_WHAT YOU HAVE TO DO_
Please repeat the whole listing exactly, but leave out any picture it holds.

_DATA BLOCK_
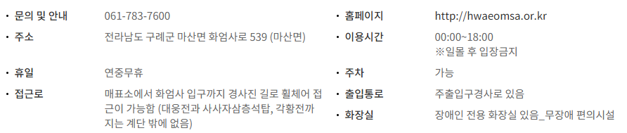 - 구례터미널에서 화엄사행 버스(약 20분 소요) 이용 또는 택시 이용 (약 15분)
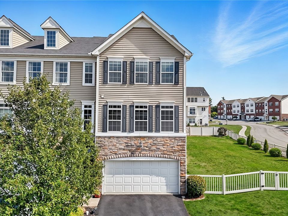Stunning 3-bedroom end-unit townhouse in sought-after Kennedy Township with convenient parkway access to the city! The open main level features hardwood floors and a seamless flow between the kitchen, dining, and living rooms. The kitchen boasts stainless steel appliances, an island, a beautiful tile backsplash, and sliding glass doors leading to a large composite deck—perfect for entertaining. An electric fireplace adds warmth to the living space. Upstairs offers two well sized bedrooms with brand-new carpet, a laundry area, and a luxurious primary suite with tray ceilings, a walk-in closet, an en suite bath, and a tile shower. The finished lower level provides a flexible space ideal for an office or guest suite, plus a two-car integral garage. Enjoy the large fenced-in yard with beautiful landscaping and an additional lower deck!
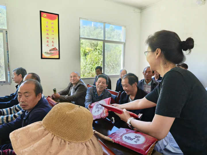 宣讲会后,活动转入温馨祥和的中秋慰问环节。志愿者们与村民齐聚一堂,亲切交谈,听民声解民意并向他们送上节日慰问。一盒盒象征着团圆和美的月饼送到群众手中,传递着党和政府的深切关怀。“感谢你们经常挂念我们,逢年过节都来看望我。”特困老人彭泽金激动地说。
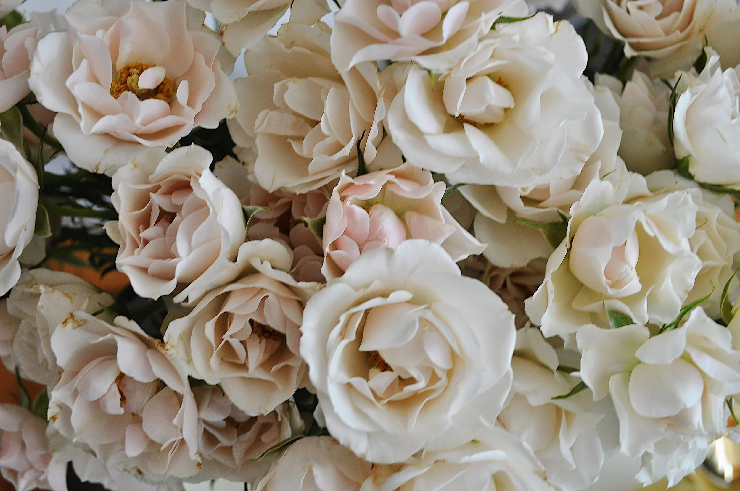 I'm not a flower expert. My flower shop is Trader Joe's or the local farmers' market. I'm not a flower arranger either, although I would like to learn more about flowers and how best to arrange them. But for now I trim the bottoms off a bouquet and make sure there's plenty of water in the vase. (If you love my gorgeous blush glass beads you can see them and more at Hallstrom Home)

_ANSWER TO THE PROBLEM_
 - 구례터미널에서 화엄사행 버스(약 20분 소요) 이용 또는 택시 이용 (약 15분)
Stunning 3-bedroom end-unit townhouse in sought-after Kennedy Township with convenient parkway access to the city! The open main level features hardwood floors and a seamless flow between the kitchen, dining, and living rooms. The kitchen boasts stainless steel appliances, an island, a beautiful tile backsplash, and sliding glass doors leading to a large composite deck—perfect for entertaining. An electric fireplace adds warmth to the living space. Upstairs offers two well sized bedrooms with brand-new carpet, a laundry area, and a luxurious primary suite with tray ceilings, a walk-in closet, an en suite bath, and a tile shower. The finished lower level provides a flexible space ideal for an office or guest suite, plus a two-car integral garage. Enjoy the large fenced-in yard with beautiful landscaping and an additional lower deck!
 宣讲会后,活动转入温馨祥和的中秋慰问环节。志愿者们与村民齐聚一堂,亲切交谈,听民声解民意并向他们送上节日慰问。一盒盒象征着团圆和美的月饼送到群众手中,传递着党和政府的深切关怀。“感谢你们经常挂念我们,逢年过节都来看望我。”特困老人彭泽金激动地说。
 I'm not a flower expert. My flower shop is Trader Joe's or the local farmers' market. I'm not a flower arranger either, although I would like to learn more about flowers and how best to arrange them. But for now I trim the bottoms off a bouquet and make sure there's plenty of water in the vase. (If you love my gorgeous blush glass beads you can see them and more at Hallstrom Home)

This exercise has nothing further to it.